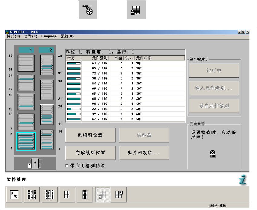 MTC 记录运行小时和用于元件供应的供料层更改的数量。通过 SITEST 可调用该数据。 8
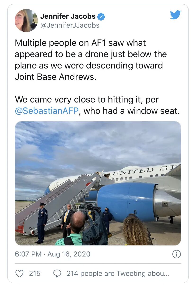 另一位随行人员也发推特证实,飞机上多人同时看到一个高度疑似无人机的不明飞行物,几乎贴着空军一号从飞机下方而过。
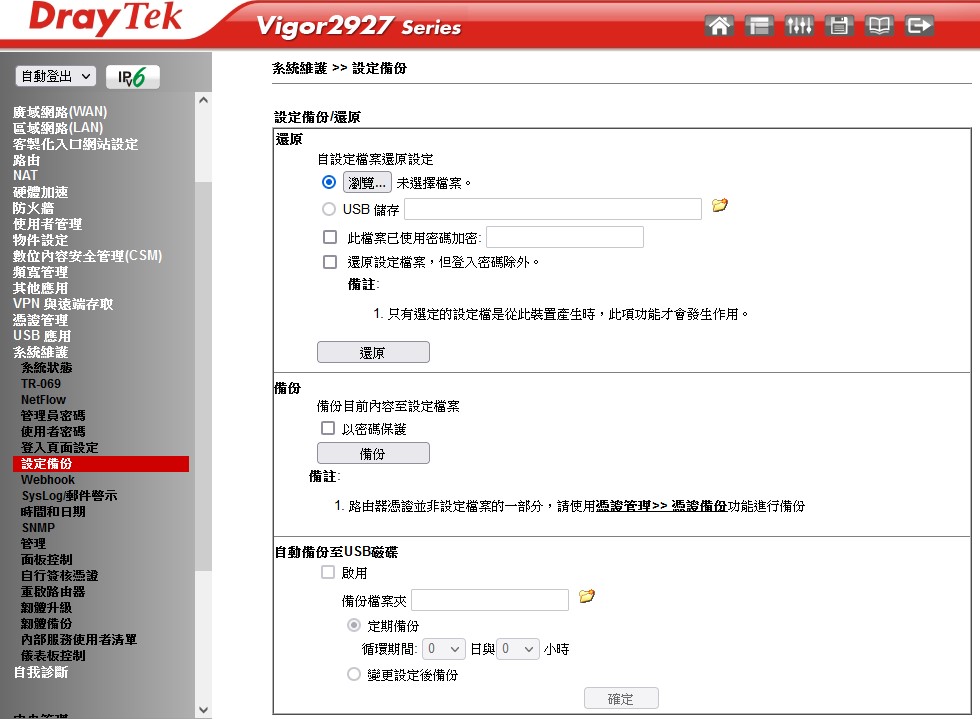 Vigor Router Firewall 自動備份設定檔至USB磁碟
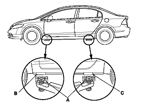 1. Position the lift blocks (A) under the vehicle's front support points (B) and rear support points (C).
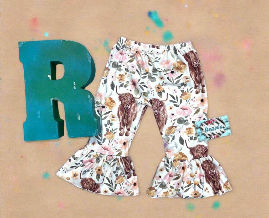 Highland Cow Floral Bell Bottoms – Adorable Western Cow Pants for Little Cowgirls!
***
__EXERCISE DIRECTIONS__. Please give again only those lines that run from the one containing "另一位随行人员也发推特证实,飞机上多人同" through the final line of the listing, both included, exactly as written and without pictures.

__WRITTEN ANSWER__.
 另一位随行人员也发推特证实,飞机上多人同时看到一个高度疑似无人机的不明飞行物,几乎贴着空军一号从飞机下方而过。
 Vigor Router Firewall 自動備份設定檔至USB磁碟
 1. Position the lift blocks (A) under the vehicle's front support points (B) and rear support points (C).
 Highland Cow Floral Bell Bottoms – Adorable Western Cow Pants for Little Cowgirls!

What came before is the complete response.